**Data section:**
□ □ □
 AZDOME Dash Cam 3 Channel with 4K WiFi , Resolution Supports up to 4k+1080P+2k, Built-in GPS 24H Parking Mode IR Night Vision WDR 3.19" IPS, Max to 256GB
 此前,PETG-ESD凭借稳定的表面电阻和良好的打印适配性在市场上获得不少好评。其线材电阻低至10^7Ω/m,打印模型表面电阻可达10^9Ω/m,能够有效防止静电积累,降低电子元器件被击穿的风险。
□ □ □
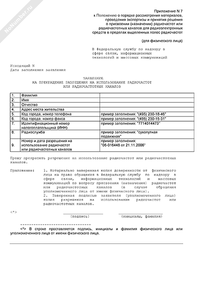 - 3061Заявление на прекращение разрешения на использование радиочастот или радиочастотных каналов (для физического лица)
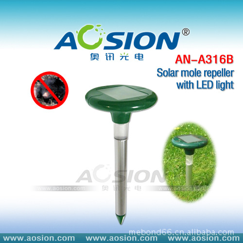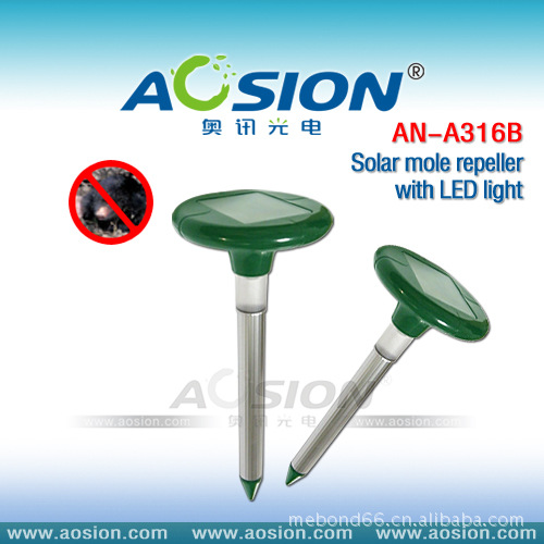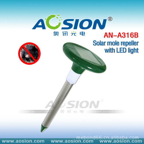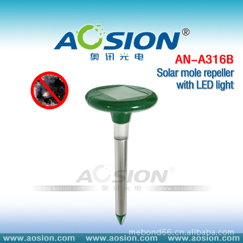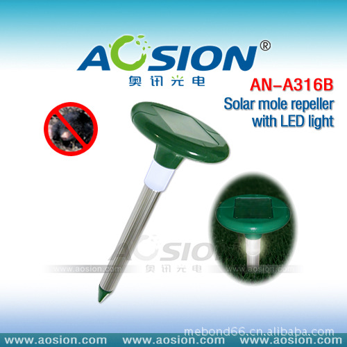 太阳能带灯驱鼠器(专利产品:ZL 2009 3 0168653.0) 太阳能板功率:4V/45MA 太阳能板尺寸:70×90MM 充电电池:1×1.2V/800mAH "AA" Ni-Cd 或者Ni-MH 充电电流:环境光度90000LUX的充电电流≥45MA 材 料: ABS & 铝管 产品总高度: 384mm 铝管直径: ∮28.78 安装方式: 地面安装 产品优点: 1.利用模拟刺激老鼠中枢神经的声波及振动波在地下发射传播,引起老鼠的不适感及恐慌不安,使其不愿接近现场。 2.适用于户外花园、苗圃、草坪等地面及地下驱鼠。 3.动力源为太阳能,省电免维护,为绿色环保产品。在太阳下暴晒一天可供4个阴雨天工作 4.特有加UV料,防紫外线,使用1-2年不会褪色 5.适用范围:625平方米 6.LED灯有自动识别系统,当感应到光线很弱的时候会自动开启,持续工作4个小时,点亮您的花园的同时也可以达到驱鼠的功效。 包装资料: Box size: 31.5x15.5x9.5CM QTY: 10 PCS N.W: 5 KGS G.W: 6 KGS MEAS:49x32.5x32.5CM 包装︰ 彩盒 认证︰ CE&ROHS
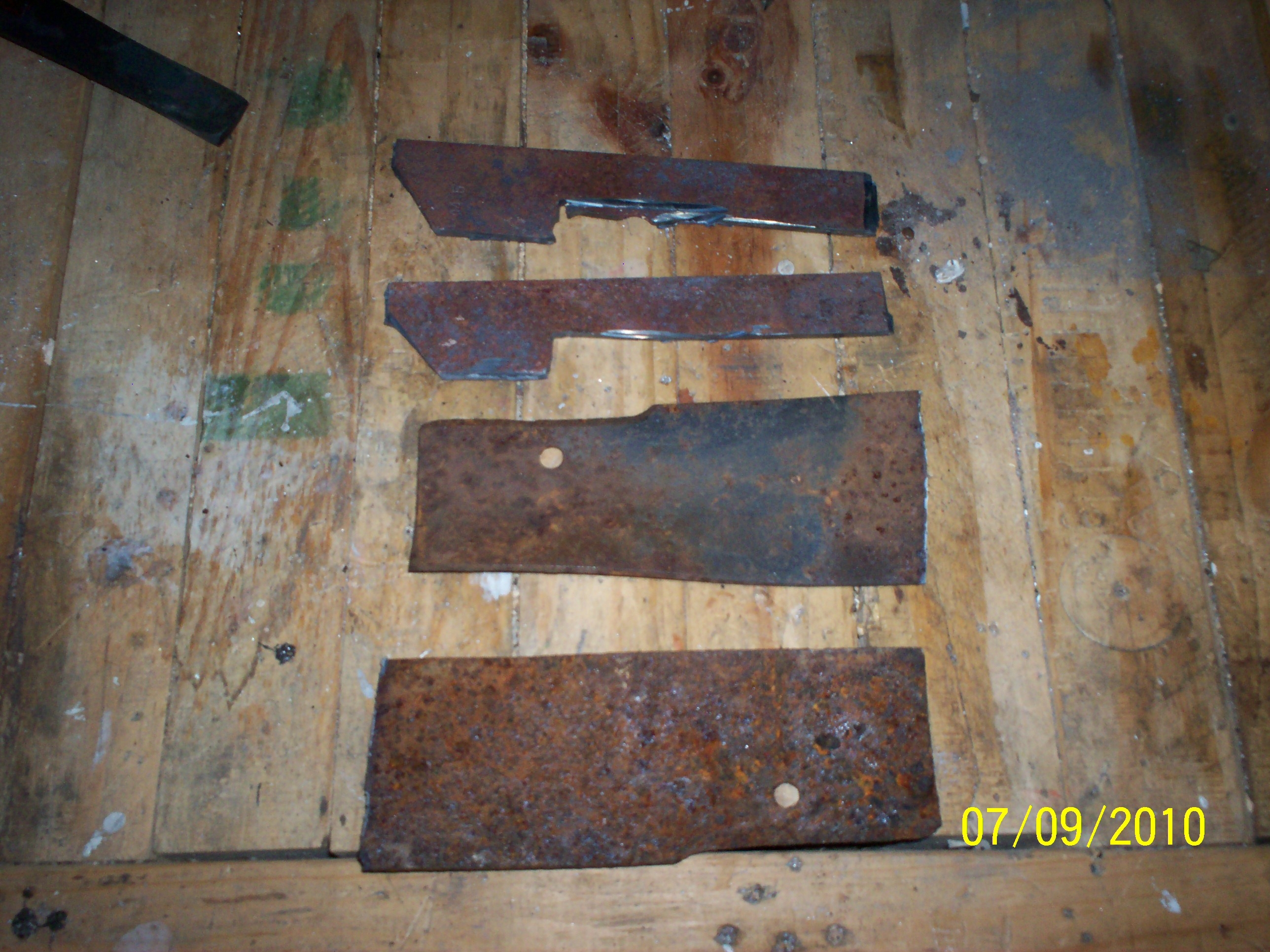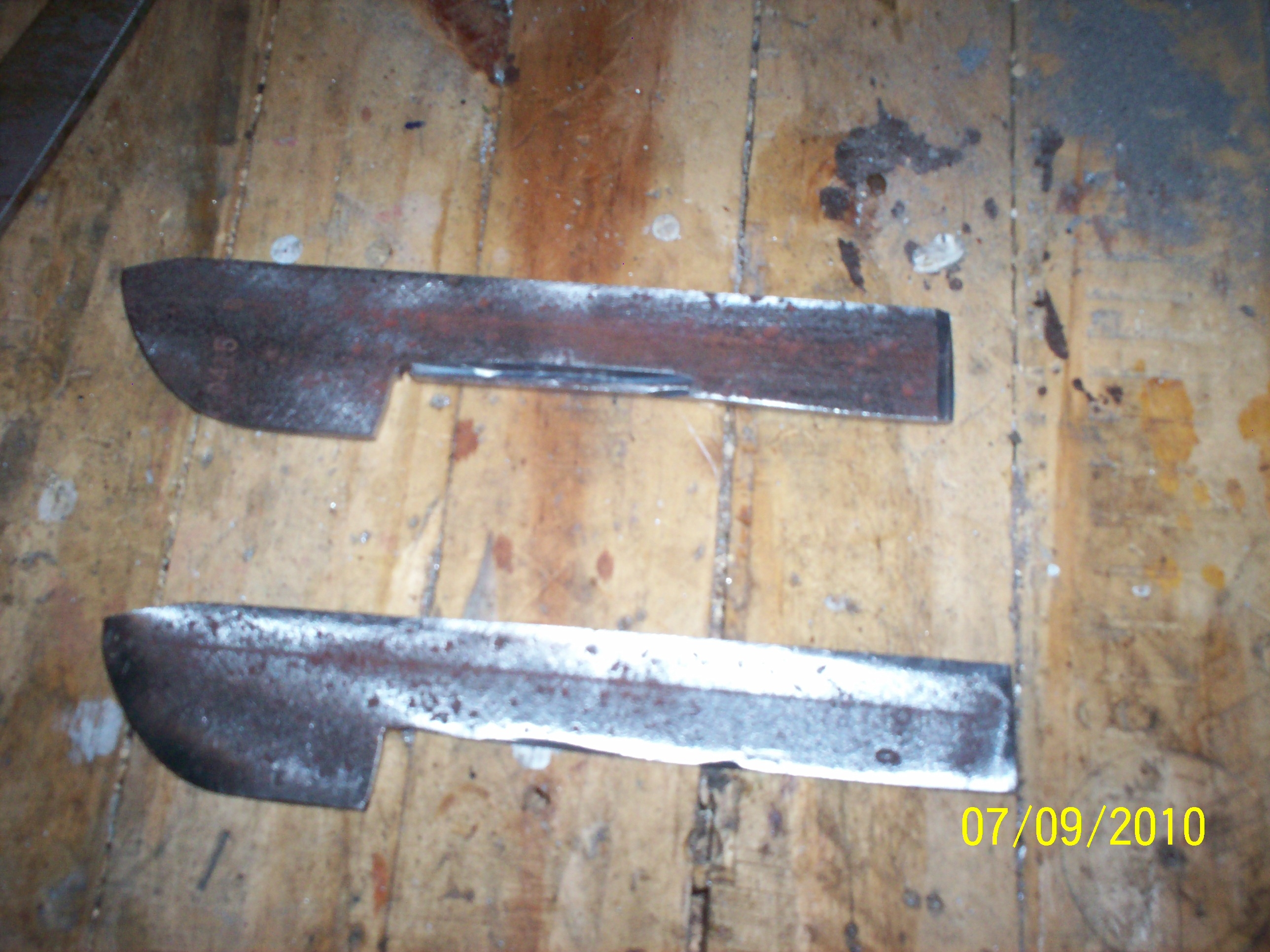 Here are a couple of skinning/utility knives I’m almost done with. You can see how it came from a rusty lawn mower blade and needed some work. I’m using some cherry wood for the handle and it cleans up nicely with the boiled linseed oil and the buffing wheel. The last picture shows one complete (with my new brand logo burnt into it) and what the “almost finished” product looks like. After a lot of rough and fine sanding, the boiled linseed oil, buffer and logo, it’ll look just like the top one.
□ □ □
**What to do:** Go back to the listing above. Copy word for word the lines from the one with "AZDOME Dash Cam" through the one with "此前,PETG-ESD凭借稳", and nothing more.

**Response area:**
 AZDOME Dash Cam 3 Channel with 4K WiFi , Resolution Supports up to 4k+1080P+2k, Built-in GPS 24H Parking Mode IR Night Vision WDR 3.19" IPS, Max to 256GB
 此前,PETG-ESD凭借稳定的表面电阻和良好的打印适配性在市场上获得不少好评。其线材电阻低至10^7Ω/m,打印模型表面电阻可达10^9Ω/m,能够有效防止静电积累,降低电子元器件被击穿的风险。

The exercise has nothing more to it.